How do segmented stacks work? This question also applies to Boost.Coroutine
so I am using the C++ tag as well here. The main doubt comes from this article It looks like what they do is keep some space at the bottom of the stack and check if it has gotten corrupted by registering some sort of signal handler with the memory allocated there (perhaps via mmap
and mprotect
?) And then when they detect that they have run out of space they continue by allocating more memory and then continuing from there. 3 questions about this
Isn't this construct a user space thing? How do they control where the new stack is allocated and how do the instructions the program is compiled down to get aware of that?
A push instruction is basically just adding a value to the stack pointer and then storing the value in a register on the stack, then how can the push instruction be aware of where the new stack starts and correspondingly how can the pop know when it has to move the stack pointer back to the old stack?
They also say
After we've got a new stack segment, we restart the
goroutine
by retrying the function that caused us to run out of stackwhat does this mean? Do they restart the entire goroutine? Won't this possibly cause non deterministic behavior?

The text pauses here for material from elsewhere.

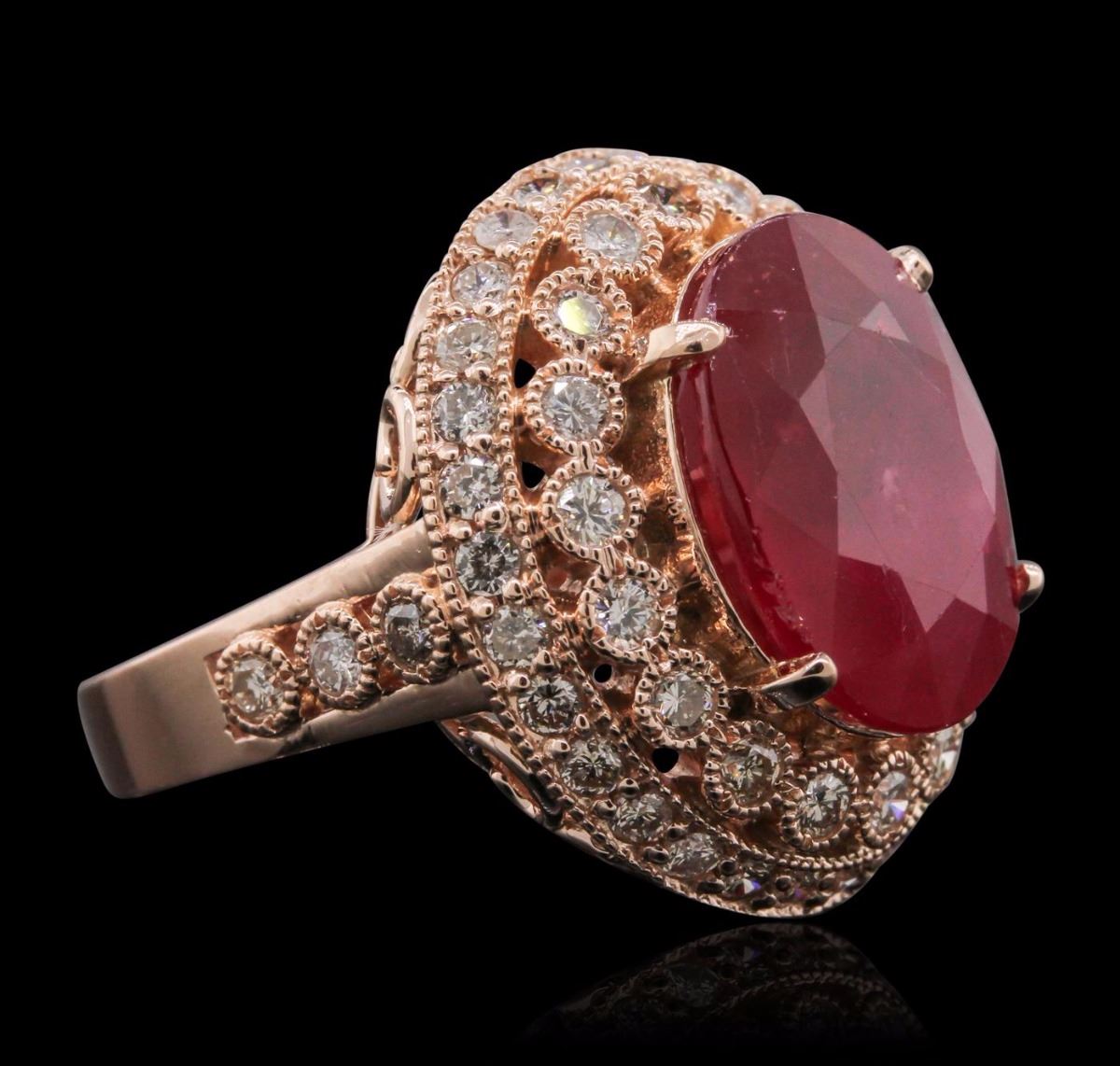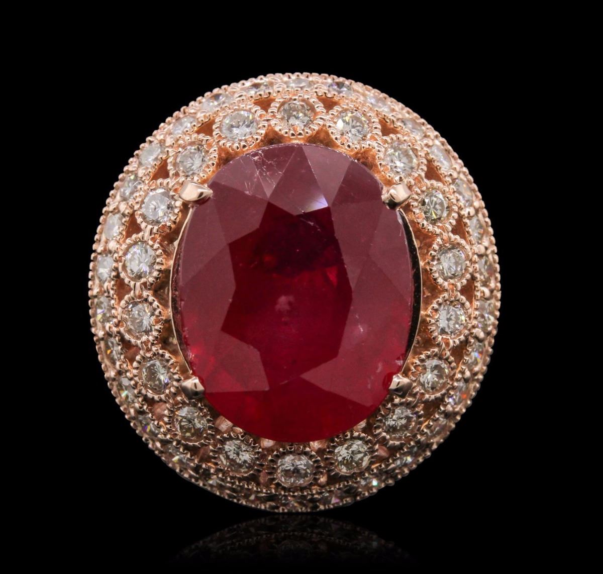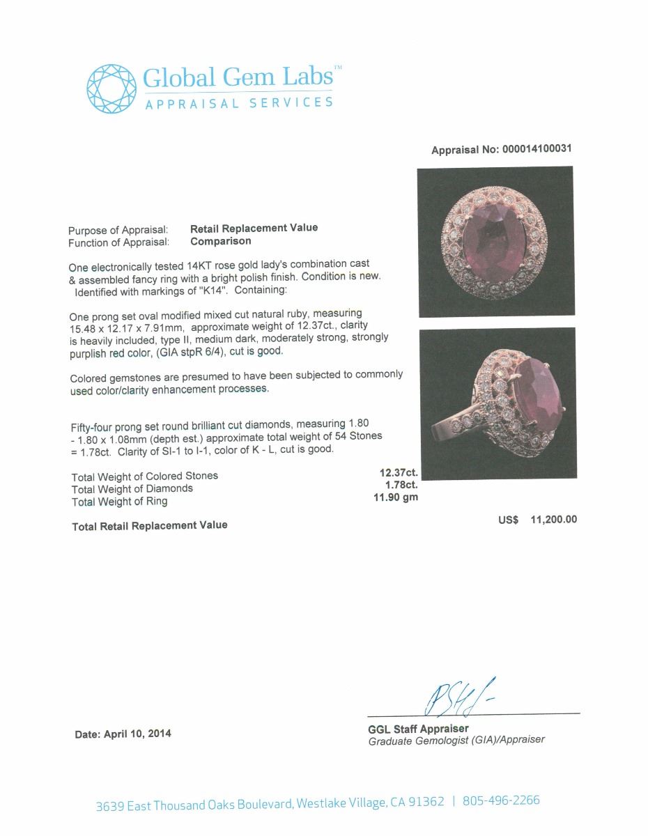 One electronically tested 14KT rose gold Ladies combination cast & assembled fancy ring with a bright polish finish. Condition is new. Identified with markings of "14K". Containing: One prong set oval modified mixed cut natural ruby, measuring 15.48 x 12.17 x 7.91mm, approximate weight of 12.37ct., clarity is heavily included, type II, medium dark, moderately strong, strongly purplish red color, (GIA stpR 6/4), cut is good. Colored gemstones are presumed to have been subjected to commonly used color/clarity enhancement processes. Fifty-Four prong set round brilliant cut diamonds, measuring 1.80 - 1.80 x 1.08mm (depth est.) approximate. Total Weight of 54 Stones = 1.78ct. Clarity: SI-1 to I-1. Color: K - L, Cut is Good. Total Weight of Colored Stones 12.37ct. Total Weight of Diamonds 1.78ct. Total Weight of Ring 11.90 grams. GGL Appraised at $11,200.00.

How do they detect that the program has overrun the stack? If they keep a canary-ish memory area at the bottom then what happens when the user program creates an array big enough that overflows that? Will that not cause a stack overflow and is a potential security vulnerability?
If the implementations are different for Go and Boost I would be happy to know how either of them deal with this situation
I'll give you a quick sketch of one possible implementation.
First, assume most stack frames are smaller than some size. For ones that are larger, we can use a longer instruction sequence at entry to make sure there is enough stack space. Let's assume we're on an architecture that that has 4k pages and we're choosing 4k - 1 as the maximum size stack frame handled by the fast path.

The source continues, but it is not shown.